Inhaled CBD shrinks the size of the highly aggressive, lethal brain tumor glioblastoma in an animal model by reducing the essential support of its microenvironment, researchers report.
“We saw a significant reduction in the size of the tumor and its microenvironment was different,” Dr. Babak Baban, immunologist and associate dean for research at the Dental College of Georgia at Augusta University says, after only seven days of treatment.

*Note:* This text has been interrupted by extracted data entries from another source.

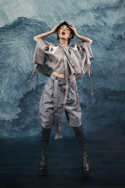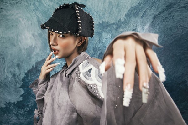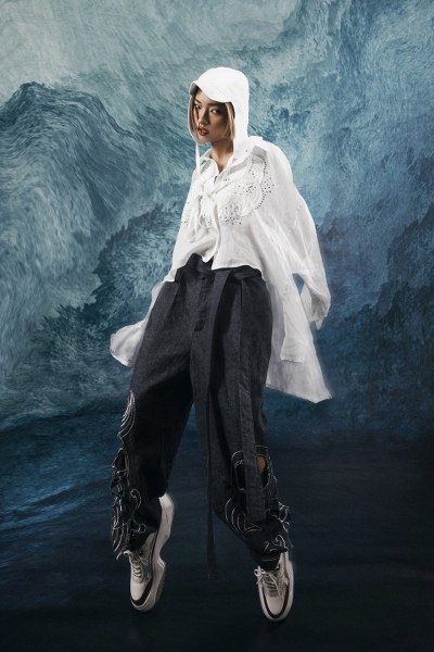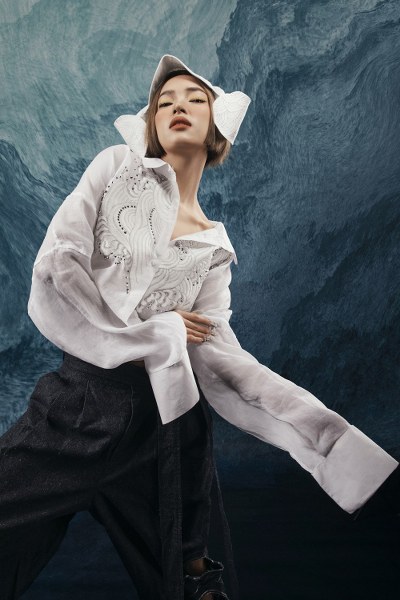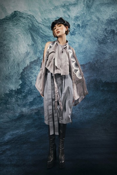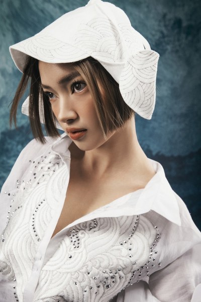 Nhà thiết kế áp dụng nhiều kỹ thuật thủ công xen lẫn hiện đại. Trên nền vải, anh thêu thủ công hoa văn thủy ba cách điệu.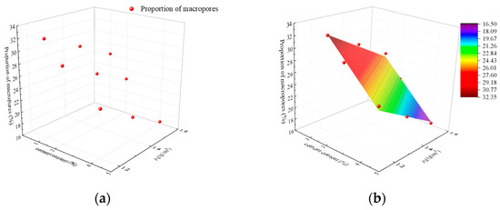 Three-dimensional surface model of artificially structured loess under different conditions: (a) 3D scatter plot of macropore ratio; (b) 3D model of macropore ratio.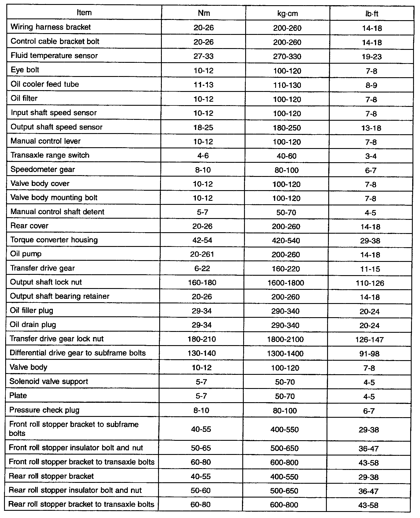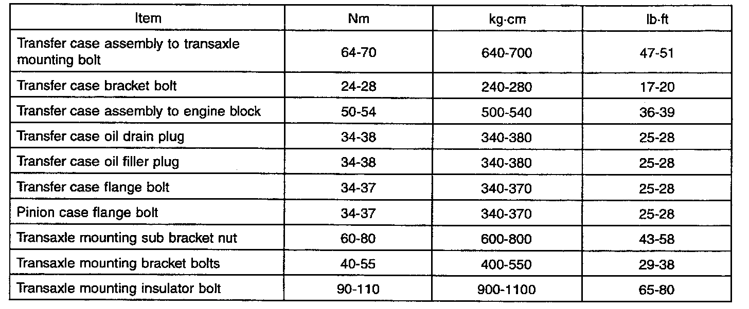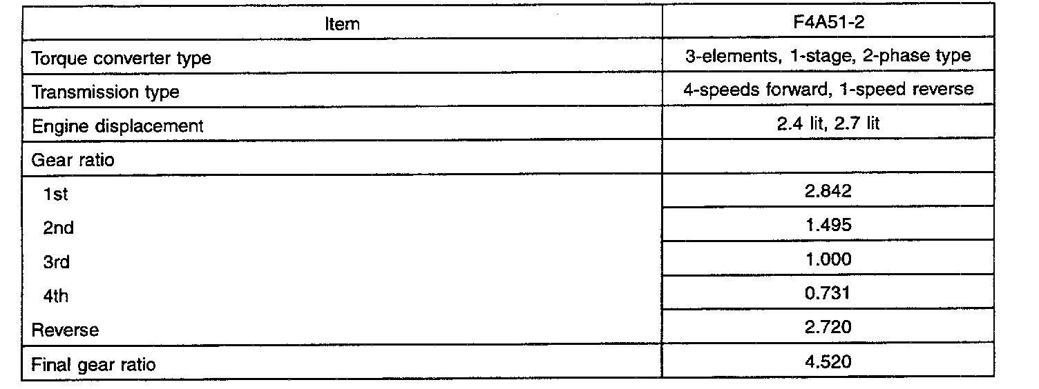 SPECIFICATIONS (A/T)

Researchers at DCG and the Medical College of Georgia say that the inhaler approach not only helped ensure the compound found in cannabis reached the brain, but that the method of delivery could, much like asthma inhalers, eventually be easily used by patients.
It was the first study to use CBD in an animal model of glioblastoma, they report in the journal Cannabis and Cannabinoid Research.
Using modified glioblastoma cells from humans, they created what is called an orthotopic glioblastoma model, to provide the most realistic model they could for this most common and lethal malignant brain tumor. By day eight the aggressive tumor was established in the brain of the mice, and at day 9 they started giving daily doses of inhaled CBD or a placebo that continued for seven days. They then looked again at an image of the tumor and directly at the tumor tissue.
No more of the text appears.